Q&A: What now for post-acquisition Cherry?
Swedish analyst Kristoffer Lindstrom casts his eye over the multi-million-pound takeover of Cherry by private equity firm EE Intressenter
Eyebrows were raised across the gambling industry in December when Austrian private equity firm EE Intressenter launched a £806m takeover bid for Swedish gambling operator Cherry AG. But observers looking closer at the deal would have seen that the consortium behind EE Intressenter included current Cherry shareholders Pontus Lindwall and current chairman of Cherry’s board Morten Klein, so the company will continue to have experienced heads at the helm.
The business is also well placed to continue in its native market of Sweden having secured eight licences to operate multiple egaming websites. But moving beyond the numbers, what does the future hold for the operator? Kristoffer Lindström of Swedish analysts Redeye casts his analysts’ eye over the deal.
EGR Intel: Does this takeover represent good value for shareholders?
Kristoffer Lindström (KL): With the current harsh investor climate of egaming, I believe that the offer price is relatively fair. For example, the aggregated EV/S (t12m) multiples for the listed Swedish companies has come down from about 3x at the beginning of 2018 to current levels of around 2x; this signals a much lower risk-appetite from investors. Within the private space it has become more difficult in raising money from investors and some of the larger institutions in Sweden, like Handelsbanken Fonder, has sold all their holdings in egaming companies.
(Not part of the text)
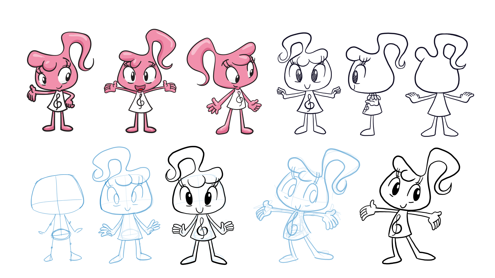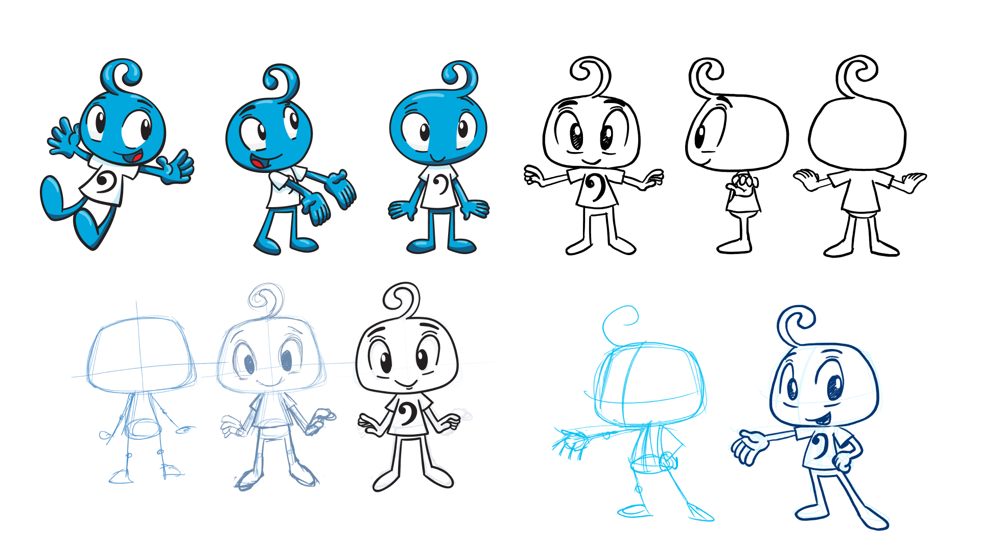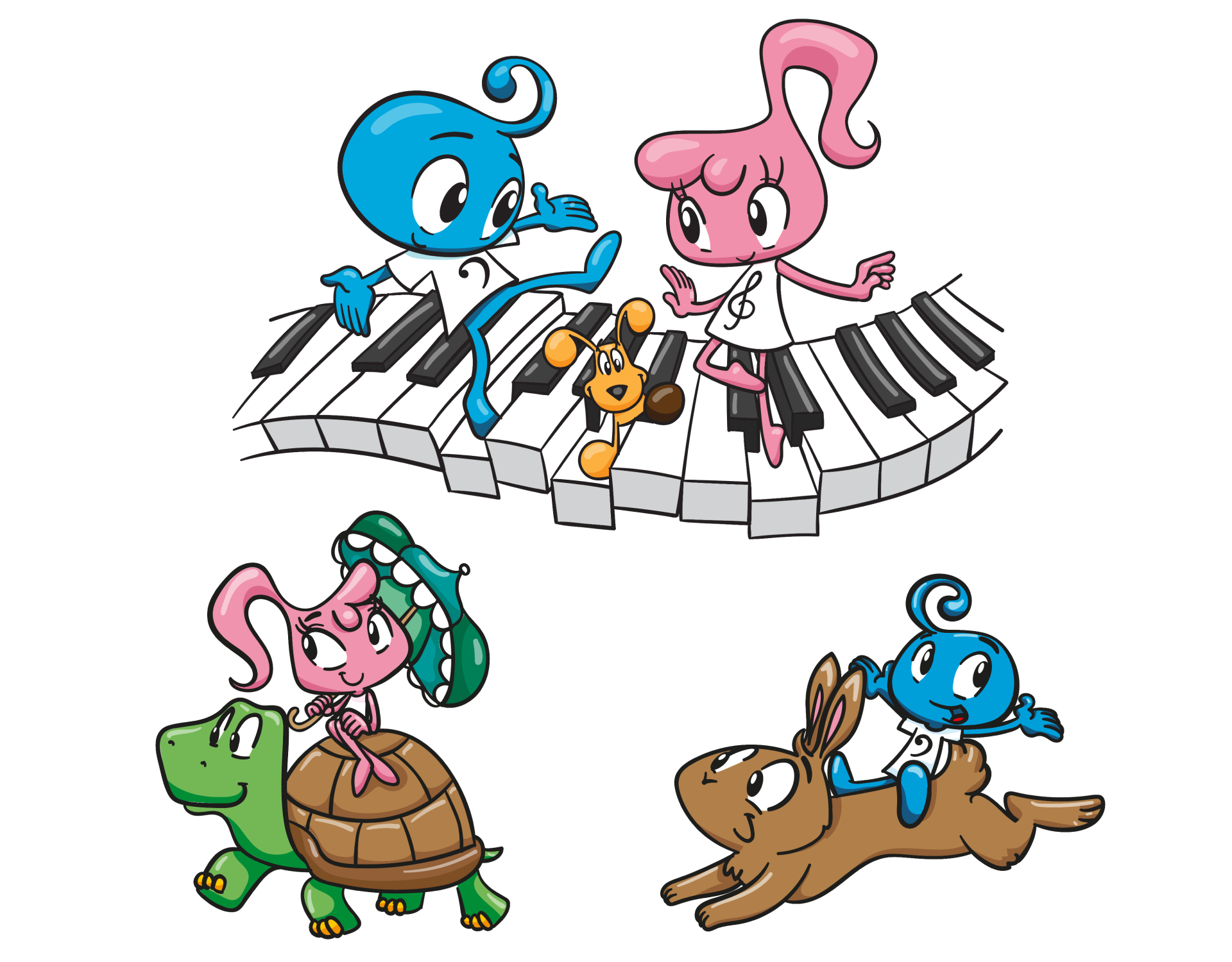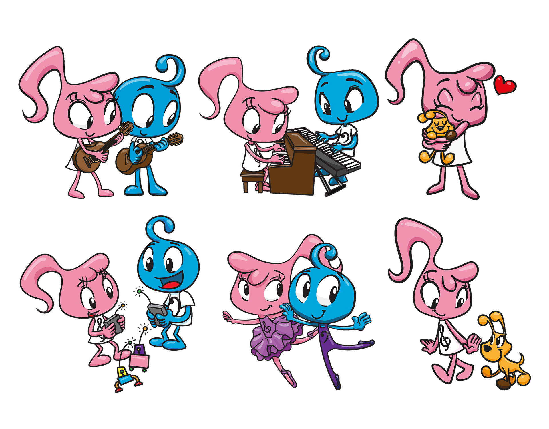 Facu: An eight years old boy, his design was inspired by the Bass clef and the big brother representation, responsible, kind and eager to learn.

We view the offer price as relatively fair given the weak investor sentiment and the uncertainty about the regulation in Sweden, but still below the underlying value we see in Cherry that could materialize in a timeframe of 12-18 months. We can also argue that Cherry has almost always been traded with a discount to our valuation, mainly due to regulatory risks and that the structure of the Group makes it hard for an investor to appreciate the underlying value (a conglomerate discount).
EGR Intel: What do you think were the most attractive qualities for any potential investor in the business?
KL: I view Cherry as a diversified bet on the egaming industry. Cherry is active in almost the whole of the value chain within the industry, so I find that there is a less financial risk in Cherry compared to for example a pure-play operator. The companies within the Group act independently and are often headed by their founders; I believe all these characteristics appeal to investors.
EGR Intel: Do you believe the new owners will choose to sell the ComeOn and Yggdrasil businesses?
KL: Given the history of Cherry with both acquisitions and spin-offs, I would find it likely that could happen. I do also believe that the value of the parts, i.e., Valuing the subsidiaries separately exceed the bid level. I think it boils down to what creates the most shareholder value and is the most beneficial for the companies within the group.
EGR Intel: What should be the big priorities for the new owners?
KL: Cherry has always been a company driven by entrepreneurs, and that has been one of their core strengths. I believe it will be crucial to keep and nurture that culture within the group. Thanks to the new capital structure M&A deals can be accelerated again so that will clearly be a priority. Otherwise I find that it’s business as usual.